Espero que esta carta encontre você bem e feliz.

Me perdoe, por favor, se eu não lhe faço uma visita, se eu não estou te atualizando com as notícias do lado de cá. A coisa aqui tá preta! O correio anda arisco, muito fake news. Até as cartas estão sujeitas a serem contaminadas pelo Covid-19, ele é um vírus destruidor, nasceu na China e virou uma pandemia. Aqui, além desse, também temos um outro problema. O Indigníssimo Presidente da República. O momento político é confuso, o governo está dominando tudo, blindando a família miliciana dele. O Ministro da Saúde foi demitido em plena pandemia pelo fato das ideias dos dois divergir, um pedindo para ficar em casa e o outro pedindo para sair e vida normal que segue, é só uma gripezinha. O Ministro da Justiça pediu demissão antes de ser demitido e denunciou o Presidente da República seu interesse e participação nas investigações da Polícia Federal, tudo isso para blindar o submundo dos seus filhinhos. Estamos querendo fazer um Teatro Jornal sobre essa matéria para que algumas pessoas consigam enxergar tal golpe na democracia. Mesmo que a evidência salta aos olhos, há quem não perceba que o Brasil está cada vez mais dominado pelos caprichos da referida autoridade. Não podemos nem fazer as Ações Diretas devidos as aglomerações, temos que manter o distanciamento social. Tempos difíceis.

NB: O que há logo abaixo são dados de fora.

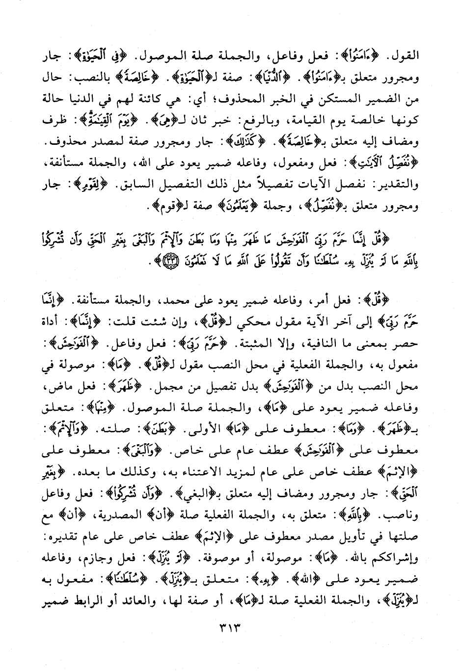 {قُلْ}: فعل أمر، وفاعله ضمير يعود على محمد، والجملة مستأنفة. {إِنَّما حَرَّمَ رَبِّيَ} إلى آخر الآية مقول محكي لـ {قُلْ}، وإن شئت قلت: {إِنَّما}: أداة حصر بمعنى ما النافية، وإلا المثبتة. {حَرَّمَ رَبِّيَ}: فعل وفاعل. {الْفَواحِشَ}: مفعول به، والجملة الفعلية في محل النصب مقول لـ {قُلْ}. {ما}: موصولة في محل النصب بدل من {الْفَواحِشَ} بدل تفصيل من مجمل. {ظَهَرَ}: فعل ماض، وفاعله ضمير يعود على {ما}، والجملة صلة الموصول. {مِنْها}: متعلق بـ {ظَهَرَ}. {وَما}: معطوف على ما الأولى. {بَطَنَ}: صلته. {وَالْإِثْمَ}: معطوف على {الْفَواحِشَ} عطف عام على خاص. {وَالْبَغْيَ}: معطوف على {الْإِثْمَ} عطف خاص على عام لمزيد الاعتناء به، وكذلك ما بعده. {بِغَيْرِ الْحَقِّ}: جار ومجرور ومضاف إليه متعلق بـ {الْبَغْيَ}. {وَأَنْ تُشْرِكُوا}: فعل وفاعل وناصب. {بِاللَّهِ}: متعلق به، والجملة الفعلية صلة {أَنْ} المصدرية، {أَنْ} مع صلتها في تأويل مصدر معطوف على {الْإِثْمَ} عطف خاص على عام تقديره: وإشراككم بالله. {ما}: موصولة، أو موصوفة. {لَمْ يُنَزِّلْ}: فعل وجازم، وفاعله ضمير يعود على {الله}. {بِهِ}: متعلق بـ {يُنَزِّلْ}. {سُلْطانًا}: مفعول به لـ {يُنَزِّلْ}، والجملة الفعلية صلة لـ {ما}، أو صفة لها، والعائد أو الرابط ضمير

Tive uma aula com o Prof. Dr. Rafael Litvin Villas Bôas da UnB falando sobre o Terra em Cena e com a nossa amiga e multiplicadora Silvia do CTO. Quanto diálogo amoroso, quanta troca. Ainda bem, sem isso ninguém segura esse rojão. Combinamos de multiplicar juntas. Estamos com planos e projetos. Estes depois te conto e uma carta única. Tenho feito muitas multiplicações com o Teatro do Oprimido nas escolas para combater o bullying e outros tipos de opressão, para desenvolver neles a solidariedade e a empatia. Estou buscando um espaço estético com um espelho de aumento que revela comportamentos dissimulados, inconscientes e ocultos.  Dia desses, na reunião de pais e na Festa da Família trabalhamos com temas de professores que batiam em seus alunos e pais em seus filhos. Fizemos dinâmicas e jogos, e também o Teatro Fórum. Meu caro amigo, você nem pode imaginar, tivemos pais e alunos spect-atores, revelamos pensamentos e desejos, descobrimos opressões e violência doméstica. Quando abrimos o fórum, o silêncio, e depois, as discussões profundas derrubando muros. A visão teatral de suas opressões envergonhava os opressores e, a muitos, transformava, vimos muitas máscaras sociais caindo. Foi um processo. Usamos o plano geral de conversão do espectador em ator do TO, dentro das quatro etapas: conhecimento do corpo, tornar o corpo expressivo, teatro como linguagem e teatro como discurso. Isso lindo todo processo, pungente. Lá na escola, os meus alunos estão maravilhados com os jogos, eles estão ajudando na desmecanização daqueles corpos e mentes. São alunos espetaculares, transformadores. Estão mais focados nos estudos e responsabilidades. Como você mesmo diz, o teatro deve ser um ensaio para a ação na vida real, e não um fim em si mesmo. Fico muito honrada em ser sua amiga e multiplicadora.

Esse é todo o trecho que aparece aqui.